Loin de la gaudriole qu’on pourrait attendre face à un pitch aussi insensé, Poulet frites réussit à convaincre en jouant la carte de l’understatement – autrement dit, celle d’une affaire qui révèle des couches toujours plus ahurissantes mais avance avec tranquillité et componction, tel un jeu de pistes mené en chaussons avec une tasse de café à la main par un type tout juste sorti du lit. On évite ainsi le côté théâtral et les flirts avec le mauvais goût pour rester au plus près de l’anodin, du tangible, en tirer le meilleur parti Libération

Jean Libon, Yves Hinant

Auteurs de l’émission culte: Strip-tease: 850 épisodes de 13 minutes de 1985 à 2002 sur la télé belge puis jusqu’en 2012 à la télévision française. Strip-tease, est iconique : ses créateurs ont imposé à la télévision belge et française une langue nouvelle, à cheval entre le journalisme et le cinéma. Des documentaires comme autant de tranches de vie – des vies d’une extraordinaire banalité, ou d’une banalité extraordinaire, c’est selon. 

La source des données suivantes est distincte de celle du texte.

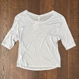 So timeless and made for layering, this soft top is featured in a sheer fabrication and featherweight feel with 3/4 sleeves.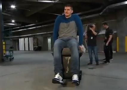 Jokić je naočigled kamera seo na kolica i pozirao pred domaćim fanovima, dok ga je gospodin iza gura.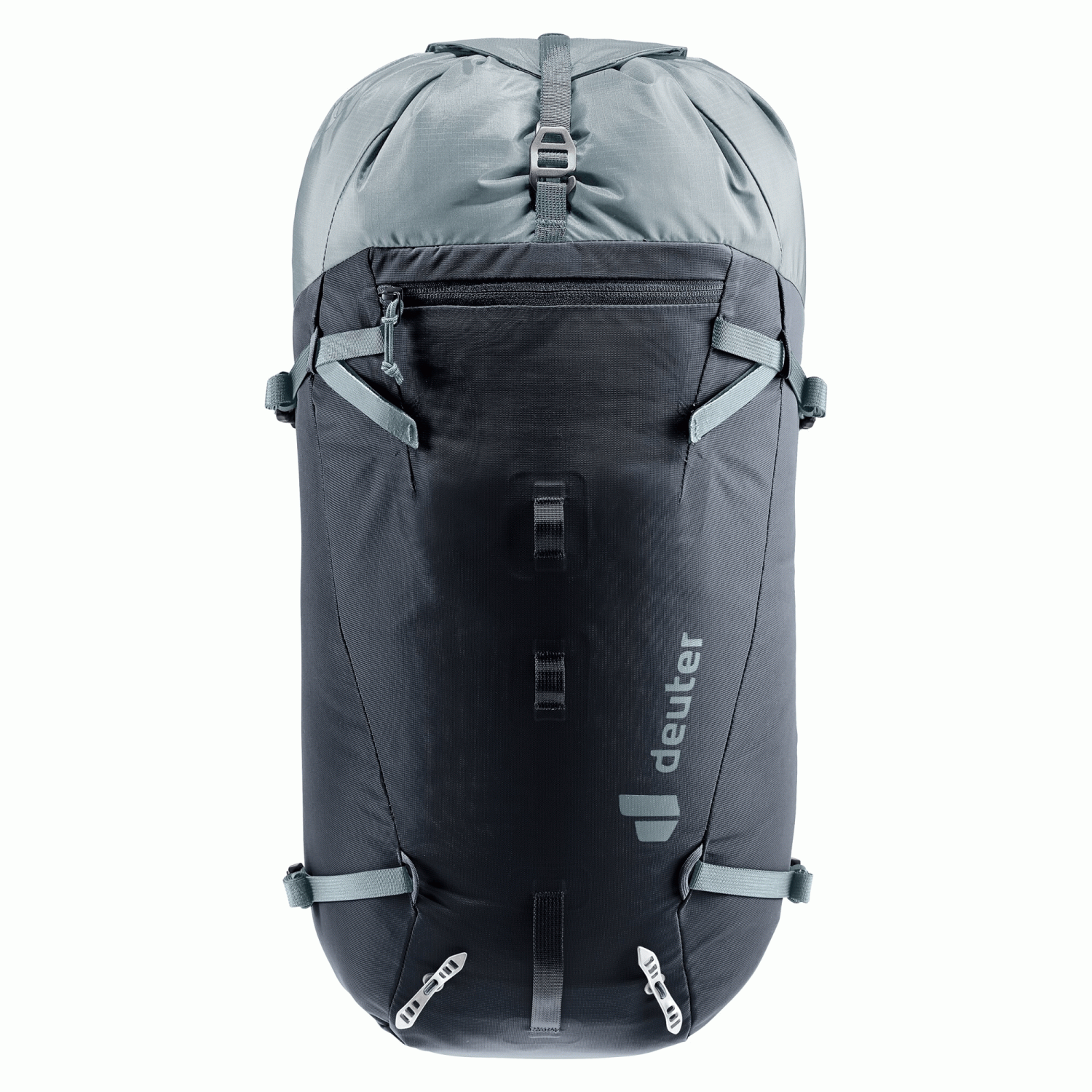 Deuter Rucksack Guide 30. Der klimaneutrale, PFC-freie Guide überzeugt durch niedriges Gewicht und zuverlässiges Handling. Robuste Materialien, hochwertige Verarbeitung, ausgefeilte Befestigungsmöglichkeiten für Pickel und Helm sowie die verstaubare Seilfixierung machen den Rucksack zum Klassiker für anspruchsvolle alpine Unternehmungen. Die Deckelkonstruktion erlaubt einen schnellen Zugriff auf das Hauptfach. Mit dem im Deckel integrierten, abnehmbaren Netz lässt sich der Helm je nach Bedarf entweder oben am Deckel oder an der Rucksackfront befestigen. Vorrichtung für Trinksystem (3.0 Liter). Volumen: 30L. Maße: 65 / 27 / 24 (HxBxT) cm. Material: 100% Polyester.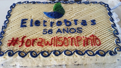 As trabalhadoras e trabalhadores de Furnas na subestação Brasília Sul comemoraram nesta segunda-feira (11) os 56 anos da Eletrobras. Com irreverência, a categoria cantou parabéns e pediu a saída do presidente da empresa, Wilson Pinto, um dos responsáveis pelo processo de privatização da maior empresa de energia elétrica da América Latina.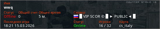 Играет на Counter Strike 1.6 сервере. Страна: РоссияПервый раз замечен 18:16 15.03.2026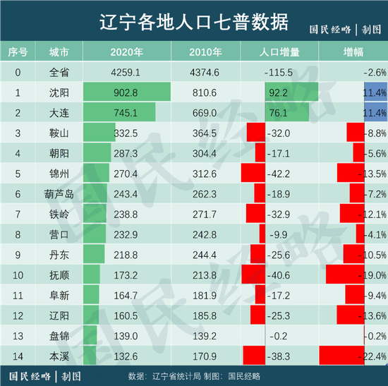 然而,值得警惕的是,除了沈阳、大连、长春之外,东北所有地市人口都在下降,一些城市甚至减少了上百万之多,个别城市人口降幅超过20%以上。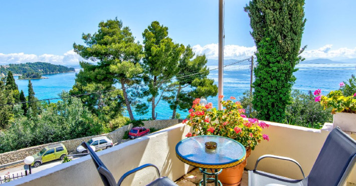 Localizare Situat in statiunea Perama, pe coasta estica a insulei Corfu. La aprox. 8 km de aeroport (transfer de aprox. 1015 min). La aprox. 6 km de orasul Corfu. Statie de autobuz locala in apropiere. Vedere spre Insula Pontikonisi (Insula Mouse).

Une émission qui fait rire, souvent, qui émeut, parfois, et qui gêne, presque toujours. Parfois accusée de misérabilisme, de voyeurisme, de cruauté, assimilée par ses détracteurs à la télé-réalité, Strip-tease reste aujourd’hui un objet télévisuel non-identifié

Ils réaliseront ensuite « Ni juge , ni soumise » en 2017 le travail quotidien d’une juge d’instruction bruxelloise haute en couleur:Anne Gruwez. que l’on retrouve quelque peu dans poulet frites

L’interview des réalisateurs

Comment aviez-vous choisi le cadre et les personnages à l’époque ?

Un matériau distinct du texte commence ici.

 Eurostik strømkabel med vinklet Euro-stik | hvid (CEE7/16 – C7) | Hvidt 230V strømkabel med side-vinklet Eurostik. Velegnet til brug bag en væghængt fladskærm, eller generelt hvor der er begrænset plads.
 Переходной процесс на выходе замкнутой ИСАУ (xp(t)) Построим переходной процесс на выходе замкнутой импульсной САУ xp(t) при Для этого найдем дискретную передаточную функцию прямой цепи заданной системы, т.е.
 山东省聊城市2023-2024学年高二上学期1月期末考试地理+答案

Jean Libon : Je me souviens avoir dit à Yves : « Et si on faisait un vrai polar ? » Il s’est alors mis en chasse, mais ça a pris près de deux ans juste pour avoir les autorisations de l’institution. Ensuite on a fait un casting pour trouver la juge et le flic, ça a pris encore un an, et puis les essais, ça a pris un an aussi. Ça a pris beaucoup de temps en fait. On avait nos personnages, mais il ne se passait rien. Un lundi, Yves arrive au bureau, décomposé, en mode « J’en peux plus, rien ne fonctionne ». Et je lui dis : « Allez, encore une semaine ». Trois jours après, on avait notre cadavre, et c’était parti. Mais je dois dire qu’on en était presque arrivés au point où je me disais : « Bon, ben on va trouver notre cadavre nous-mêmes ».

L’un des marqueurs du format, c’est l’humour. Est-ce qu’il est déjà là sur le plateau ?

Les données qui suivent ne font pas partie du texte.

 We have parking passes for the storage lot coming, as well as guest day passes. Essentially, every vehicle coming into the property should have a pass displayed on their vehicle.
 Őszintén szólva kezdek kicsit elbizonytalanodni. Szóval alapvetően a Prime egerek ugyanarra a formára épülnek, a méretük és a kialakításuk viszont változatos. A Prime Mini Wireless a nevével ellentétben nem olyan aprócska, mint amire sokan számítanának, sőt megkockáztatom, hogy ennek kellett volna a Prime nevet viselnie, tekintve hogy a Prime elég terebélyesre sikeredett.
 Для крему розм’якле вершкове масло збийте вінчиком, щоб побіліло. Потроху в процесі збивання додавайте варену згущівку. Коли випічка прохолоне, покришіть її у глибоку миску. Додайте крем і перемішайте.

Y.H. : J’ai passé des heures à la cafétéria avec les policiers, et on y rit beaucoup. Quand je vois des films policiers français sans aucun humour, je ne comprends pas. Ces gens vivent une telle violence. Ils ont besoin des blagues pour décompresser. Sans humour, ce n’est pas le réel. Même notre suspect fait des blagues.

Le facteur temps est crucial sur le plateau et dans la salle de montage ?

J.L. : Les choses ne se passent qu’une fois, et il faut être là, et prêt. J’ai toujours dit à mes cameramen : tu filmes tes pieds en attendant, je m’en fous, mais au moment où ça se passe, tu cadres ! Ça prend du temps mais c’est assez simple. Après, le montage, c’est de la technique.

Y.H. : Moi sur le plateau, je suis plutôt régisseur que réalisateur. Je ne suis pas forcément sur la scène, souvent c’est exigu, ou tendu, et le cameraman et le preneur de son savent très bien ce qu’ils doivent faire. Le plus important, c’est de préparer ce qui va arriver, d’avoir bien repéré les personnages, de connaître les gens, de les respecter. D’avoir leur confiance.

J.L. : Le temps, c’est l’élément clé. Je dis toujours que le film est d’autant plus réussi que la poubelle est bien remplie. Il faut jeter, jeter, jeter. Mais c’est un peu compliqué à faire comprendre aux financiers.